Thursday, November 16, 2006

A look at the future.

Today I got the letter from dad’s solicitor. Uncle Gordon came for the opening, but there was nothing in there for him and now he’s gone. Back down South for another god knows how long.

Everything has been left to me, to be held in trust with the solicitor for the next six months. So Gordon’s mumblings about being my only family went south with him.

It specifically mentions the study. The study and all its contents are the exclusive property of me, and not to be removed from the house until I reach eighteen. I guess it means the contents aren’t to be removed, not the room itself. No other part of the estate is mentioned in detail. I thought about that for a good while before I called for Angela.

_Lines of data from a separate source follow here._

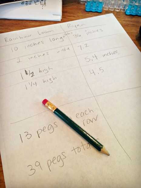Mida cuidadosamente el telar y la persona que va ser vestir el traje para calcular las medidas proporcionadas.  Utilizar la altura para determinar un "multiplicador" entre la altura del telar y altura del usuario.  Nuestro telar mide 10 pulgadas de largo.  Queríamos que el traje que aproximadamente 36 pulgadas para Ryan por lo que utiliza un multiplicador de 3.6.
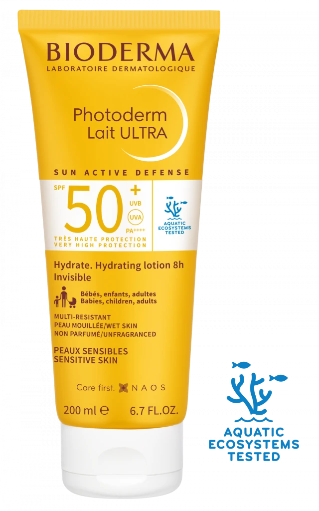 Το Photoderm Lait ULTRA SPF50+ είναι το αποτέλεσμα της τελευταίας έρευνας του Εργαστηρίου της Bioderma. Προσαρμόστηκε για να παρέχει πολύ υψηλή προστασία, ενισχυμένη από τις ακτίνες UVA, για όλα τα ευαίσθητα δέρματα, ακόμη και τα πιο ευάλωτα.
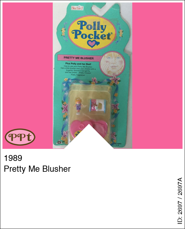 Pretty Me BlusherUpdate: 29-12-2021 Dit is een roze hartjes doosje met daarin blusher voor je wangen. Met het blauwe bedje met een rose dekentje en hierop ligt een beertje. Met Polly.

The first thing she did was throw out the dead rat – which might have been what I could smell from the front door, and I’ve been unfair to Norman. She said she didn’t know what we were thinking of, keeping it.
“We thought it might be important,” said Norman, who’s been feeding the others in their cage.
“It was important while it was dying. Now it’s just dead, so it’s dead.”

The blank books are spell books, Angela tells us. The leather bindings are colour coded to a common rule: red covers are demonology spells, for locating, summoning and binding; black books are necromancy, for returning the dead to differing levels of life; blue books are astral magic, for contacting other planes of existence; green covers contain spells on natural magic, to manipulate living creatures or plants; purple books hold inspirational spells, also known as royal magic, dealing in the creation of matter and energy out of nothing. She doesn’t know what the white covers signify.

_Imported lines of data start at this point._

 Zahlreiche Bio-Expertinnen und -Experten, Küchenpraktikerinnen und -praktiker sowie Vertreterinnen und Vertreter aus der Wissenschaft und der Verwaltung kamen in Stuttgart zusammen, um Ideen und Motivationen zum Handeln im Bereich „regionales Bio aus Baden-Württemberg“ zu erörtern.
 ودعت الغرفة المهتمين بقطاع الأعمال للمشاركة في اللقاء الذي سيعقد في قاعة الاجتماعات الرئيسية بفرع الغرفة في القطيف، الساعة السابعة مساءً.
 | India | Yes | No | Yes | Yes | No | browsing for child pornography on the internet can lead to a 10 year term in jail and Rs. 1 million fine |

Nor does she know much about the other objects in the room. The curios and artefacts she’ll guess at, she says. Similar objects have been described to her. The bottles and jars are unidentifiable, so she can’t help there, except in their general nature.

Magic is a corruption of the proper order, and accordingly requires a deal of power. All the objects and liquids are vessels for that power. The objects are vessels that are tools for specific tasks, while the liquids (Angela calls them potions, of course) are spells already cast with a delay in the result. Demons work the same way, she says. People like her use demons as vessels for magic, because they have no power of their own.

She walked up to the study’s vast mirror and said,
“Your father drew him out of here, and bound him to my shadow.”
“Who?” I asked.
“Tomlin. The demon.”
“I thought he was your boyf-” said Norman, but I cut him off.
“Why are the books blank?”
“Well that’s a worry. Because your father didn’t write those books, did he – they conform to the codes, so he must have acquired them. They're probably older than him. And if they’re blank it’s because they were written in magic, and the magic has failed. Do you see?”
“No. But what about the books that aren’t blank, the ones full of gibberish?”
“They don’t matter. They’re just more spells, but lesser spells. It’s the blank pages that are the worry – because if the magic in those pages died too, then it wasn’t just your father’s power that stopped working, and maybe that means Tomlin is lost forever.”

Angela is beautiful, but quite mad. I've met girls like her before.